Water potential is a measure of the potential energy water that a solution carries when compared to pure water. You can think about it this way – because of water’s ability to form hydrogen bonds, water can physically move polar substances and ions. Moving anything takes energy.

So, pure water has a lot of potential energy stored up. It has the potential to move large amounts of solutes. When you add solutes to the water, some of the hydrogen bonds are used to surround and distribute the solutes, so the entire solution has a lower amount of potential energy. Or, you could also say that the entire solution has a lower water potential.

There are many things that can affect water potential.

Scientists use the letter “psi” (𝚿) from the Greek alphabet to denote water potential. The total water potential of a given solution is equal to all the individual aspects of water potential added together. We can add up the pressure potential, the solute potential, the gravity potential, the matrix potential, and many other aspects that contribute to the potential energy stored in a solution to get the overall water potential. In this course, we will focus on only the main two of these forces – the pressure potential and the solute potential.

Consider this experiment. If we were to fill up a small tub with water and divide it in half with a cell membrane we can replicate how tonicity affects the internal and external environment of a cell. We can measure the water potential of each half of this system. If we add salt to one side of the membrane, we are decreasing the solute potential of this side of the membrane.

Since all other things remain the same, the saltwater side now has a lower water potential than the freshwater side. This means that water will move by osmosis across the membrane to the saltwater side. By the same logic, if we increased the pressure potential on the saltwater side by pushing downward on the water, the water would move back through the membrane as the decrease in solute potential was countered.

Plants are different from animals in that they prefer a hypotonic solution to surround their cells.  You may remember that a hypotonic solution can cause red blood cells to lyse. This is because animal cells do not have a cell wall. Plants can pack their cells with water in order for the cells to be rigid – also known as turgidity. This turgidity is what allows plants to stand tall and have a defined structure. If you pour salt on a plant’s roots or otherwise bathe it in a hypertonic solution, the cells will be drained of water, become plasmolyzed, and the plant will collapse.

When it comes to water potential, plants live by a simple rule. The water potential of the soil must be greater than the roots, which themselves must have a higher water potential than the stems, which must have a higher water potential than the leaves, which must have a higher water potential than the atmosphere. Plants can actively control the water potential of their tissues by adding solutes like ions and glucose to their cells. This lowers the water potential of cells higher in the plant, allowing water to easily travel up the stem. That is essentially how massive redwoods get water all the way up to their leaves!

Animals deal with different tonicities in different ways, depending on both their evolution and the environment they are in. Let’s consider a freshwater fish vs a saltwater fish.

The freshwater fish has a problem. It lives in a hypotonic environment. That means that the cells in the freshwater fish are much more concentrated than the external environment, and they want to stay that way. Because of the dilute environment it lives in, water is constantly entering the fish through its mouth, gills, and skin.

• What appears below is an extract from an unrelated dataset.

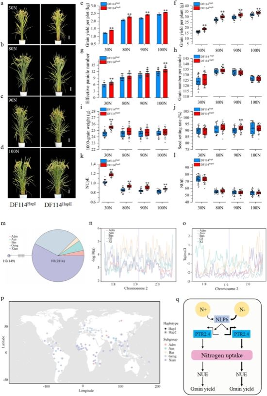 这项研究通过对255份水稻种质资源进行全基因组关联分析(GWAS),在2号染色体上鉴定到一个与氮素利用效率(NUE)显著相关的关键位点qNUE1,并确定转录因子基因OsNLP6是该位点的核心功能基因。研究发现,OsNLP6编码一个NIN-like蛋白家族转录因子,其表达具有根系特异性,且受低氮胁迫显著诱导。与野生型(WT)相比,OsNLP6过表达植株在低氮和高氮条件下均表现出显著增加的有效穗数和单株产量等,15N示踪实验证实OsNLP6增强硝酸盐(NO3-)的吸收与转运,并提高孕穗期叶片氮含量和氮吸收效率。说明OsNLP6作为硝酸盐响应转录因子,在促进水稻氮吸收方面发挥核心正调控作用。进一步研究表明,OsNLP6能够直接结合硝酸盐转运基因OsPTR2.4启动子区的硝酸盐响应元件,激活其表达。OsPTR2.4的功能验证表明OsNLP6与OsPTR2.4在同一遗传通路上调控水稻氮素吸收利用率。研究还发现了一个优异单倍型OsNLP6HapII,该单倍型在东南亚籼稻亚群中显著富集,携带该单倍型的品种表现出更高的氮素利用效率。群体遗传学分析表明,OsNLP6在水稻驯化过程中经历了强烈的正向选择,这为分子设计育种提供了重要靶点。综上所述,转录因子OsNLP6调控氮转运蛋白OsPTR2.4参与水稻氮素的吸收和转运过程,赋予水稻高氮素利用效率特性。

The kidneys of this freshwater fish are constantly removing excess water from its body, creating very dilute urine. Let’s compare that to the saltwater fish.

The saltwater fish lives in a hypertonic environment, meaning the solution outside of the fish contains more dissolved solutes than within the fish’s cells. This means that the fish is constantly losing water via osmosis through the skin and gills to the outside environment. To compensate, a saltwater fish must not only drink water but it also must have a much more efficient kidney to create highly concentrated urine to conserve water!